# WHAT TO PRODUCE
Omit the images, then print each record below exactly as it reads.

# MATERIAL FOR THIS EXERCISE
==================================================
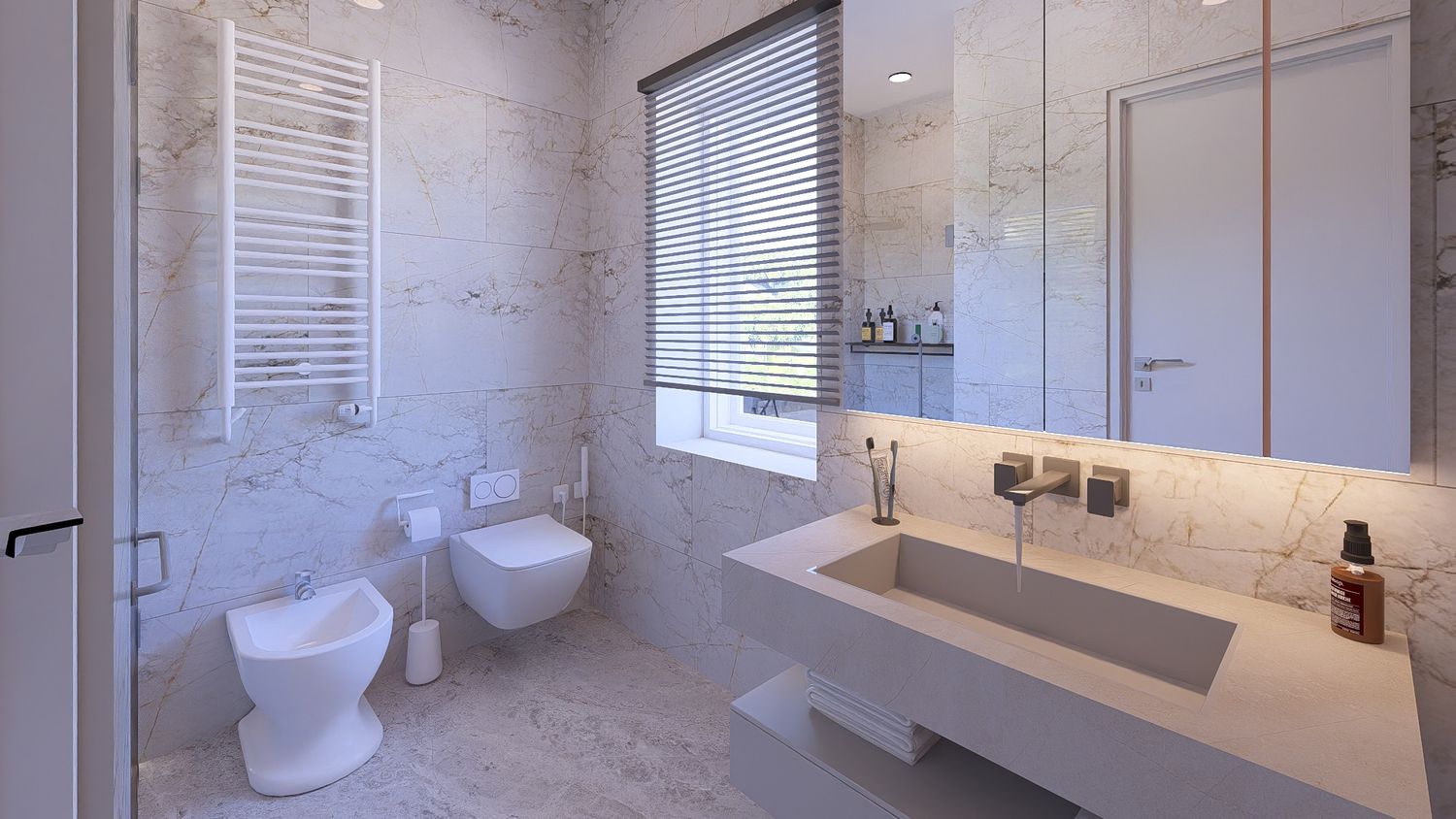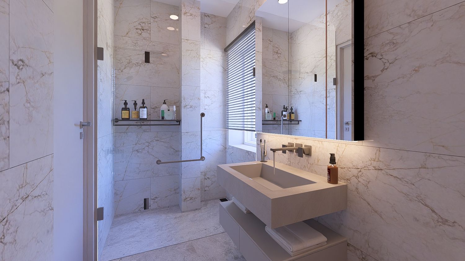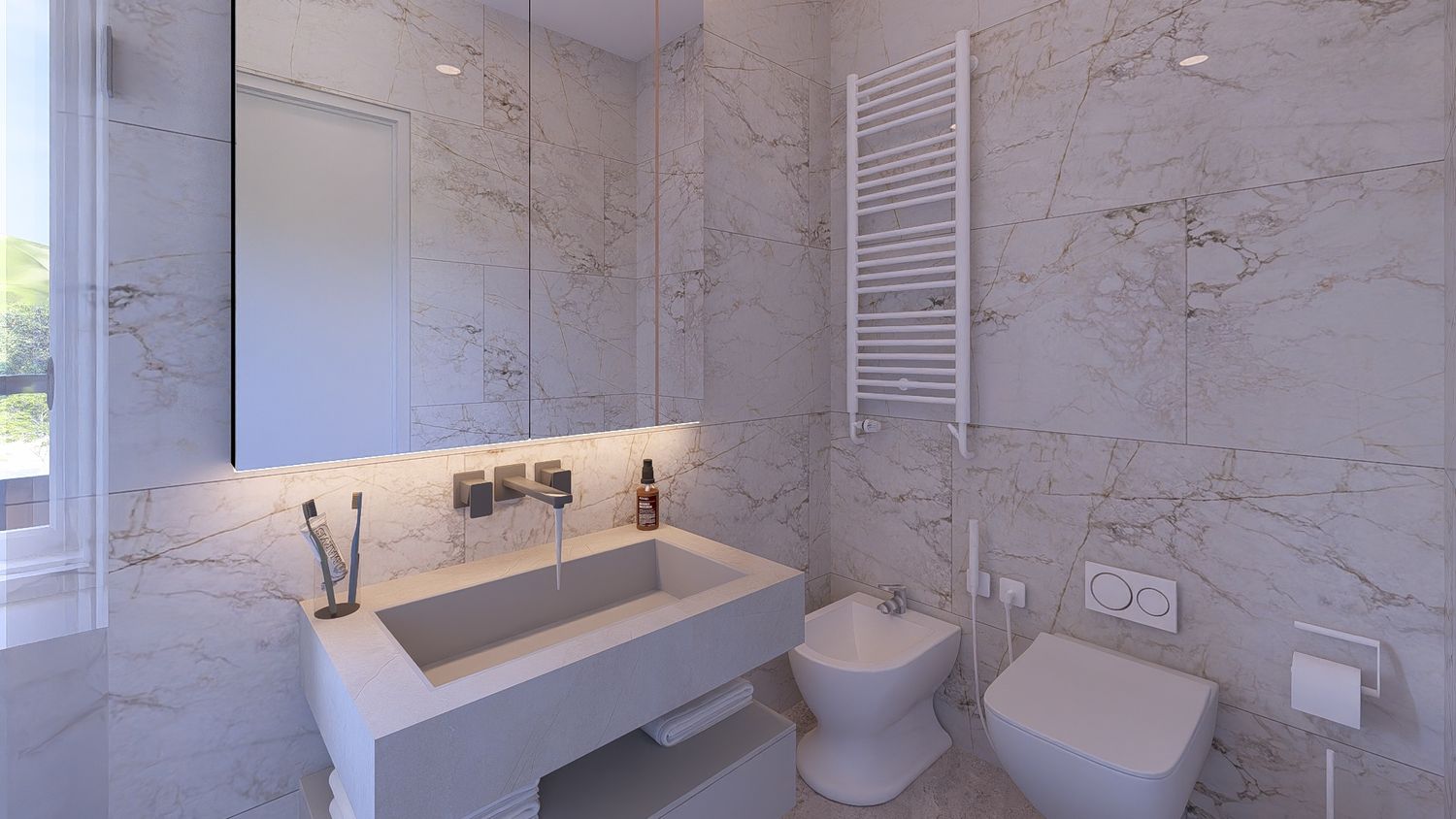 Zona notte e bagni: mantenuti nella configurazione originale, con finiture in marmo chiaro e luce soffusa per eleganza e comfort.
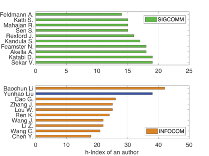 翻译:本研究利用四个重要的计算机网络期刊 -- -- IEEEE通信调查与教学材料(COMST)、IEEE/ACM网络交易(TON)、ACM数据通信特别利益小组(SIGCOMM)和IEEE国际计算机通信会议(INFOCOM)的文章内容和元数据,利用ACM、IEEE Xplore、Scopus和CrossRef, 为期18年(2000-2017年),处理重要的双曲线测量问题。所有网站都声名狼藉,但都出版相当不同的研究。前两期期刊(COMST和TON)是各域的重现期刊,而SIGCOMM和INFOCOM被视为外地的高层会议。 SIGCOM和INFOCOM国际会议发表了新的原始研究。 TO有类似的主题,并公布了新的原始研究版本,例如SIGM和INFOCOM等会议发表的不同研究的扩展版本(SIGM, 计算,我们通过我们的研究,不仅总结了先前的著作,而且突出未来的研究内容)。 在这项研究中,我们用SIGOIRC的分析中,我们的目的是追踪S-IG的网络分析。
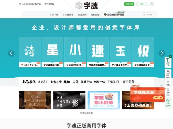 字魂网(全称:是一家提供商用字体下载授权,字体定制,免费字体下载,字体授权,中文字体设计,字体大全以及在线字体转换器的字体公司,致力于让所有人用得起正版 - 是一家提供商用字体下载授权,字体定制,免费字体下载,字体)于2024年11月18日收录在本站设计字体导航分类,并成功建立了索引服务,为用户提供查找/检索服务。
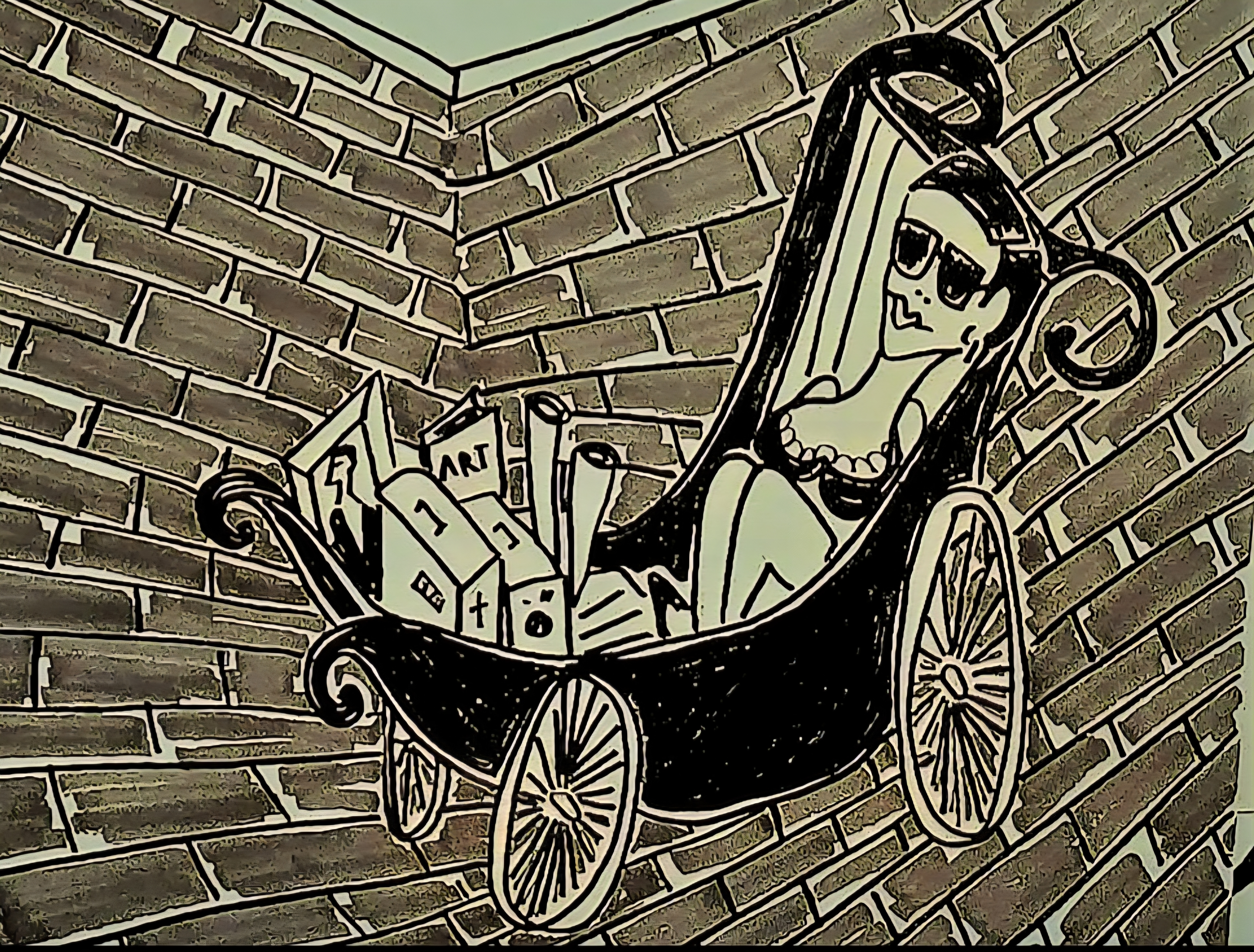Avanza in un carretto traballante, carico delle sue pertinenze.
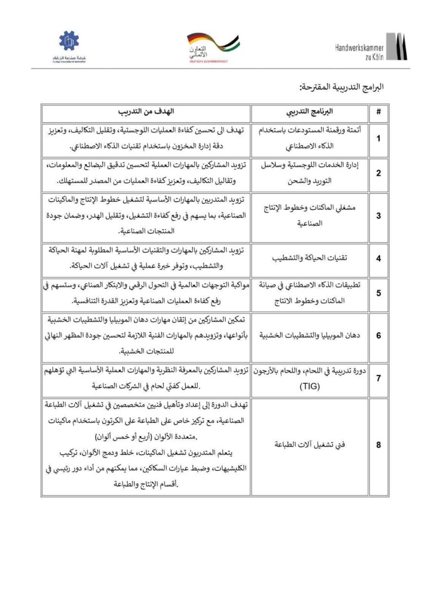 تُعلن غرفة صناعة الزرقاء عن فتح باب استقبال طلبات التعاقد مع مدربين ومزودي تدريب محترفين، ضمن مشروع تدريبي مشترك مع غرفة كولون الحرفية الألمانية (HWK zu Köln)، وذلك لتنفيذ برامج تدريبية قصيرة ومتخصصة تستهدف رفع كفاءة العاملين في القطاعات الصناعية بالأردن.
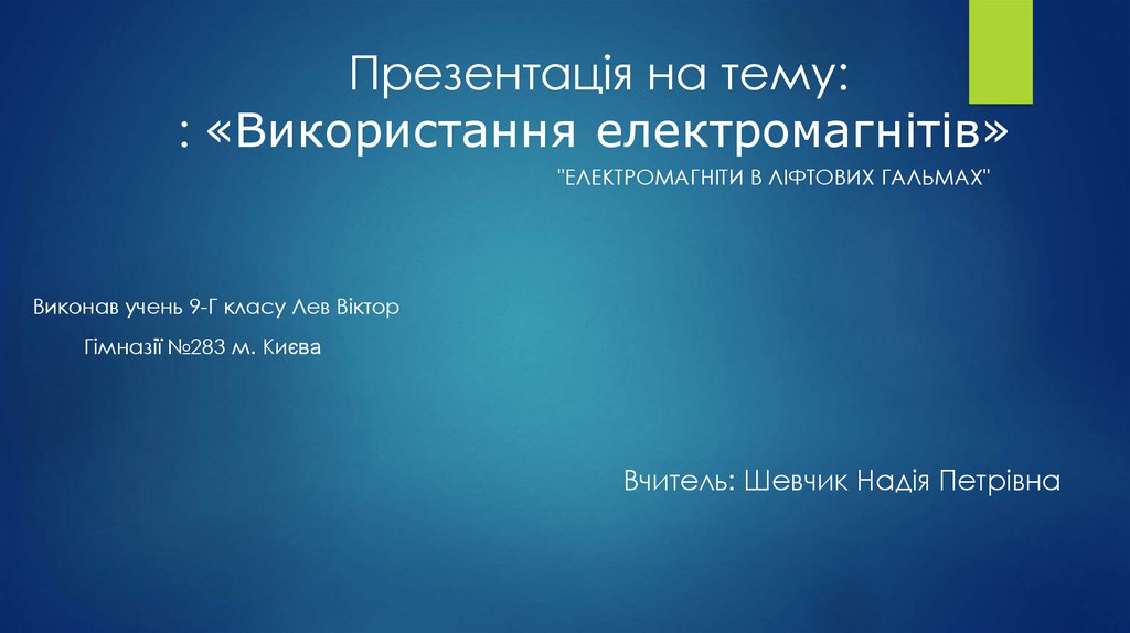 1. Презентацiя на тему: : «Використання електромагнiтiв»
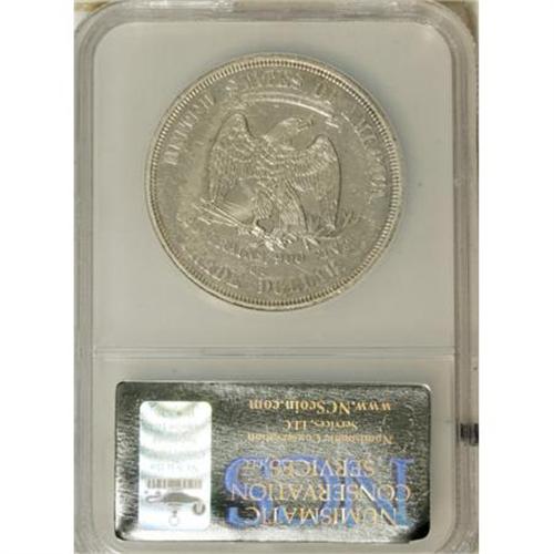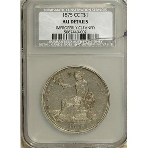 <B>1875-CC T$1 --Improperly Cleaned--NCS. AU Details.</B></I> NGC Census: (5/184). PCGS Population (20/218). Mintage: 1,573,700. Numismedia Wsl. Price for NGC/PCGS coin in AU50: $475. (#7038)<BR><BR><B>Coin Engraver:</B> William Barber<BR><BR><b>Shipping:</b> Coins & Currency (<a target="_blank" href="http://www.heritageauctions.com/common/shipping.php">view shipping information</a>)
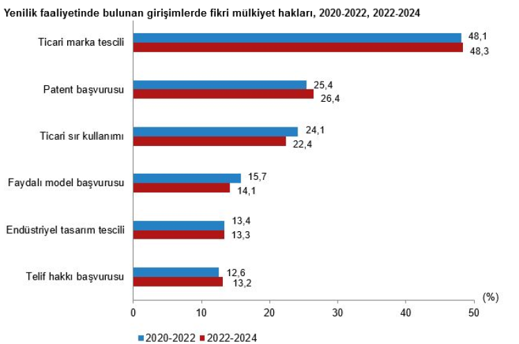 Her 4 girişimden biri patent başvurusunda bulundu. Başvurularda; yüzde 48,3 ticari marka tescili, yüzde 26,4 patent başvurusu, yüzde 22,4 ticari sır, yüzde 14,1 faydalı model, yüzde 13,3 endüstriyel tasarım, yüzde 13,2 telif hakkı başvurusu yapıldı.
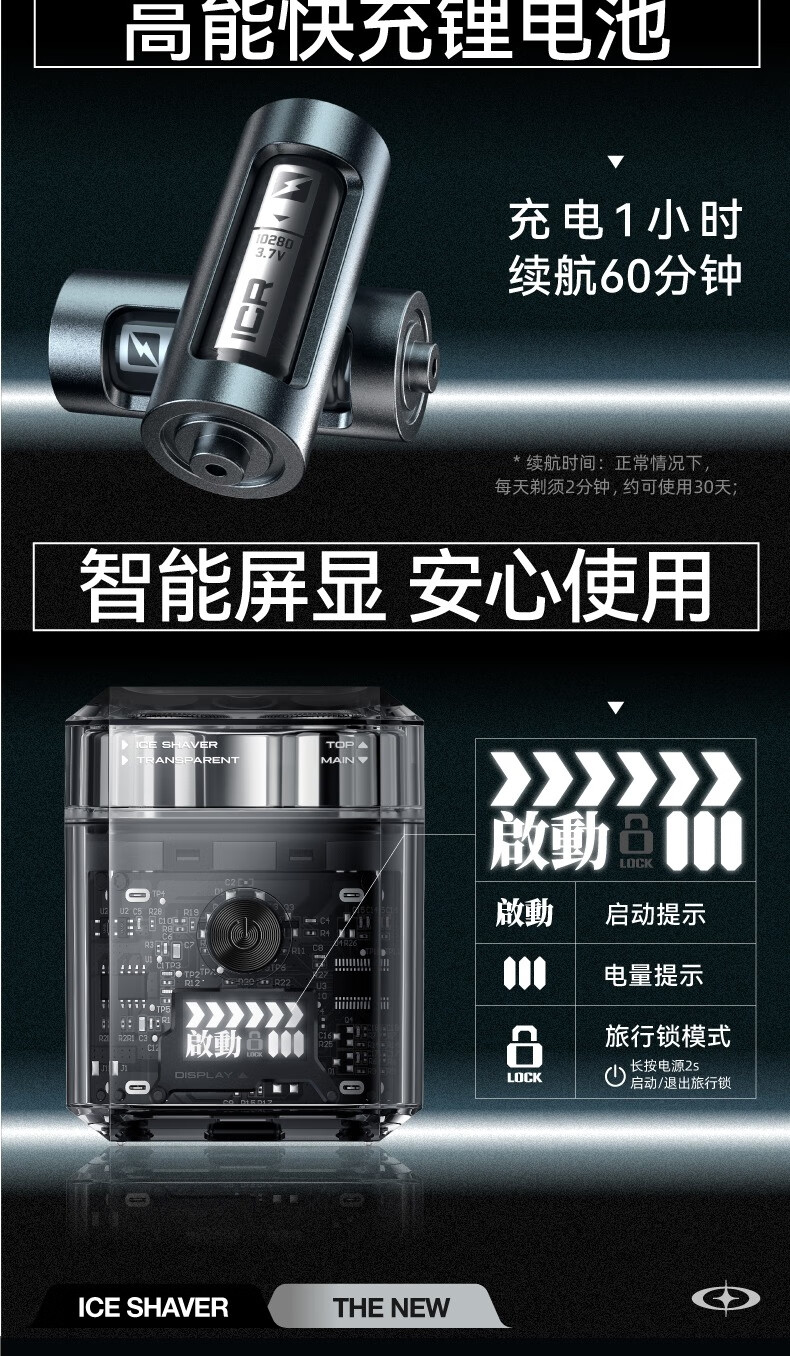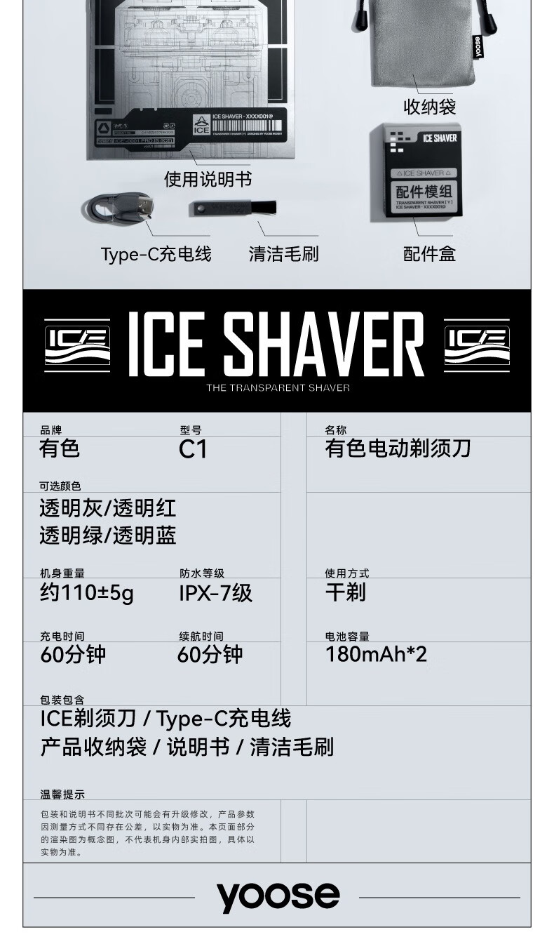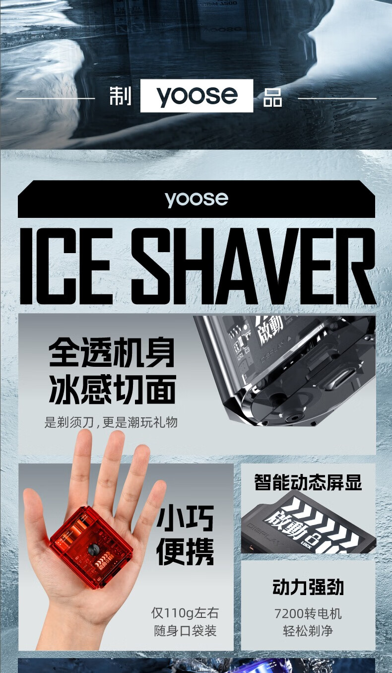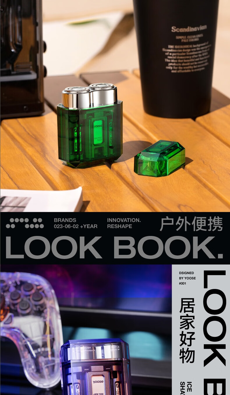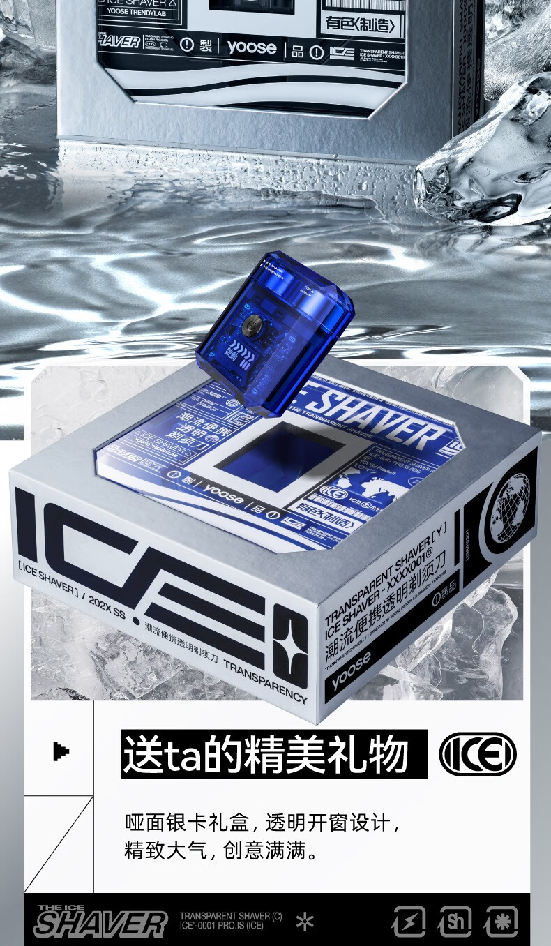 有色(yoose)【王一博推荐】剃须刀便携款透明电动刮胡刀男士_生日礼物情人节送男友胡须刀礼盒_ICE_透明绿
==================================================
# YOUR RESPONSE
 Zona notte e bagni: mantenuti nella configurazione originale, con finiture in marmo chiaro e luce soffusa per eleganza e comfort.
 翻译:本研究利用四个重要的计算机网络期刊 -- -- IEEEE通信调查与教学材料(COMST)、IEEE/ACM网络交易(TON)、ACM数据通信特别利益小组(SIGCOMM)和IEEE国际计算机通信会议(INFOCOM)的文章内容和元数据,利用ACM、IEEE Xplore、Scopus和CrossRef, 为期18年(2000-2017年),处理重要的双曲线测量问题。所有网站都声名狼藉,但都出版相当不同的研究。前两期期刊(COMST和TON)是各域的重现期刊,而SIGCOMM和INFOCOM被视为外地的高层会议。 SIGCOM和INFOCOM国际会议发表了新的原始研究。 TO有类似的主题,并公布了新的原始研究版本,例如SIGM和INFOCOM等会议发表的不同研究的扩展版本(SIGM, 计算,我们通过我们的研究,不仅总结了先前的著作,而且突出未来的研究内容)。 在这项研究中,我们用SIGOIRC的分析中,我们的目的是追踪S-IG的网络分析。
 字魂网(全称:是一家提供商用字体下载授权,字体定制,免费字体下载,字体授权,中文字体设计,字体大全以及在线字体转换器的字体公司,致力于让所有人用得起正版 - 是一家提供商用字体下载授权,字体定制,免费字体下载,字体)于2024年11月18日收录在本站设计字体导航分类,并成功建立了索引服务,为用户提供查找/检索服务。
Avanza in un carretto traballante, carico delle sue pertinenze.
 تُعلن غرفة صناعة الزرقاء عن فتح باب استقبال طلبات التعاقد مع مدربين ومزودي تدريب محترفين، ضمن مشروع تدريبي مشترك مع غرفة كولون الحرفية الألمانية (HWK zu Köln)، وذلك لتنفيذ برامج تدريبية قصيرة ومتخصصة تستهدف رفع كفاءة العاملين في القطاعات الصناعية بالأردن.
 1. Презентацiя на тему: : «Використання електромагнiтiв»
 <B>1875-CC T$1 --Improperly Cleaned--NCS. AU Details.</B></I> NGC Census: (5/184). PCGS Population (20/218). Mintage: 1,573,700. Numismedia Wsl. Price for NGC/PCGS coin in AU50: $475. (#7038)<BR><BR><B>Coin Engraver:</B> William Barber<BR><BR><b>Shipping:</b> Coins & Currency (<a target="_blank" href="http://www.heritageauctions.com/common/shipping.php">view shipping information</a>)
 Her 4 girişimden biri patent başvurusunda bulundu. Başvurularda; yüzde 48,3 ticari marka tescili, yüzde 26,4 patent başvurusu, yüzde 22,4 ticari sır, yüzde 14,1 faydalı model, yüzde 13,3 endüstriyel tasarım, yüzde 13,2 telif hakkı başvurusu yapıldı.
 有色(yoose)【王一博推荐】剃须刀便携款透明电动刮胡刀男士_生日礼物情人节送男友胡须刀礼盒_ICE_透明绿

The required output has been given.